Vacom se finance sur fonds propres et souhaite attirer davantage d’investisseurs. Les chauffeurs privés qui y sont embauchés doivent reverser 15 % du montant de leur course à la société.

« Notre plan d’affaires prévoit un investissement de 500 000 euros sur les deux prochaines années pour un chiffre d’affaires de 150 000 euros sur l’exercice 2021. « 40 % de nos investissements iront dans l’amélioration de l’application en y intégrant un système innovant de boutique en ligne avec possibilité de se faire livrer ses courses », détaille Kodjoakou Kodjovi.

L’entrepreneur ambitionne de faire concurrence à Gozem, compagnie de VTC sur commande via une application, dont le siège est à Singapour. Implantée depuis 2018 au Togo, Gozem s’est taillé une bonne part dans le marché des taxi togolais.

  • Steven AF, le réalisateur qui rêve d’une industrie « à la Nollywood »
Steven AF, producteur et réalisateur autodidacte

Steven AF © Daayek production

Steven AF, de son vrai nom Folligan Amouzou, veut voir grand. Ce réalisateur de films de 40 ans est un pur autodidacte. Après deux années de psychologie à l’université de Lomé, ce passionné de production vidéo abandonne ses études pour se lancer dans la réalisation de clips vidéos.

Il devient une référence en la matière au début des années 2000 avec la réalisation de plus d’une centaine de clips pour des artistes comme Jimi Hope, Julie Akofa Akoussah ou les pionniers du rap togolais tels que Ali Jezz ou Eric MC. Aujourd’hui, Steven AF est devenu producteur de films pour le cinéma.

En presque vingt ans de métier, Steven AF a créé sa boîte de production, Sunlight Group, qui fait aussi des publicités pour entreprises comme les filiales togolaises de Total, Japan Motors, de l’entreprise d’ameublement Orca, ou encore du groupe panafricain Batimat.

Pour ses productions cinématographiques, le réalisateur togolais ne veut pas être tributaire de subventions ou d’aides extérieures. Ses yeux se tournent vers son rêve : l’industrie cinématographique de Nollywood.
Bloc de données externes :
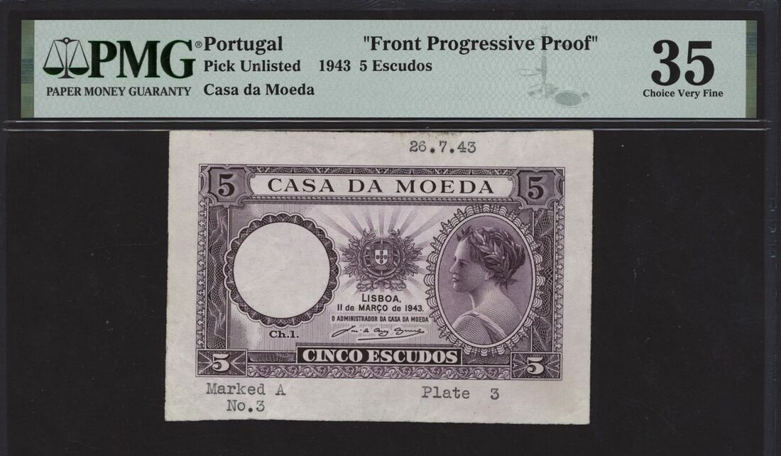 (x) Casa de Moeda, (Portugal), a printers archival die proof 5 escudos, 11th March 1943, Ch.1, no serial numbers, violet and white, maiden at right, arms at centre, value at each corner
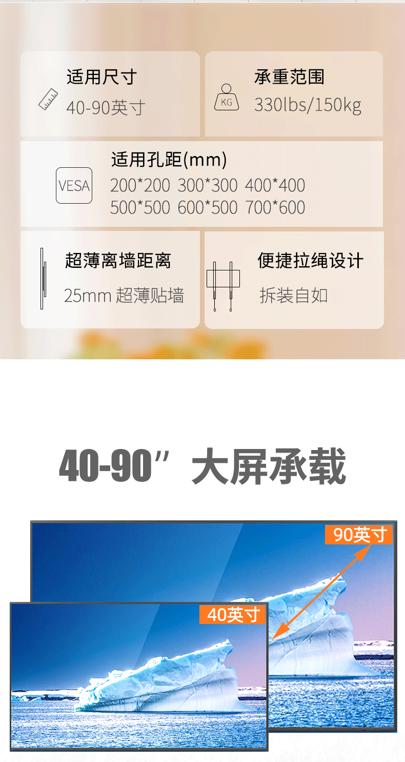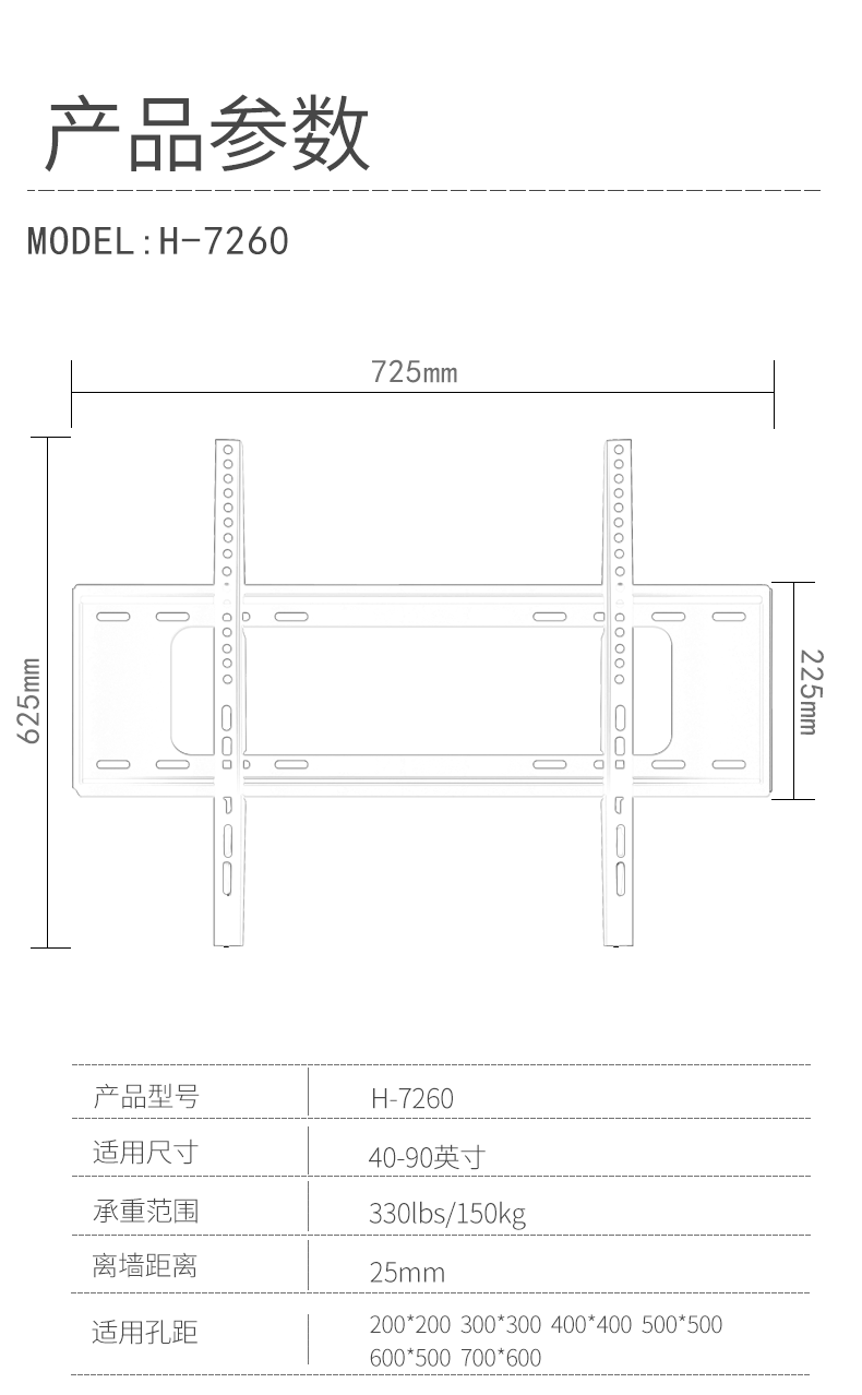 Tv Rack H7260 Wall Bracket Suitable for Skyworth Tcl Xiaomi 55 65 75 82 86inch Wall Hanging
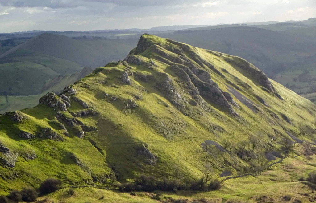 Parkhouse Hill thrusts defiantly from the upper Dove Valley, as seen from Chrome Hill
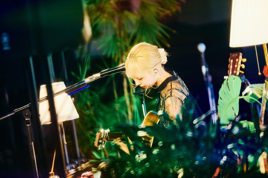 「私の部屋に遊びに来た感じで楽しんでもらえたら」というのも、「atELIER -アトリエ-」ツアーのテーマ。「Rhythm Nation」(ジャネット・ジャクソン)、「踊(Odo)」(Ado)のカバーでは、“普段もこんなふうにいろんな曲を弾き語りしてるんだろうな”と思わせる遊び心たっぷりの演奏を披露。ステージに置かれたランプ、テーブル、観葉植物などもこのライブの親密なムードにつながっていた。

Steven AF, endosse un maximum de costumes : producteur, réalisateur, scénariste… et businessman. Il prône donc un business model à la nigériane : financer le film via les bénéfices des productions publicitaires de sa boîte de production, ou encore développer des partenariats publicitaires à intégrer dans le film. Il attend aussi un fort retour sur investissement au moment de la diffusion de ses films.

Grâce à ce business model, Steven AF se sent libre et indépendant. Une indépendance qui lui permet de réaliser des films auxquels le public s’identifie. Celui qui a déjà projeté son film Solim devant plus de 4 000 personnes tourne en ce moment une fiction politique… inspirée de la vie politique africaine. Le budget de cette production en cours reste low cost, et tourne aujourd’hui autour de 100 millions de F CFA.

Avec des figures comme Steven AF, ou encore Angela Aquereburu – en tournage de la saison 2 de la série Oasis diffusée sur Canal plus – le cinéma togolais renaît et se professionnalise.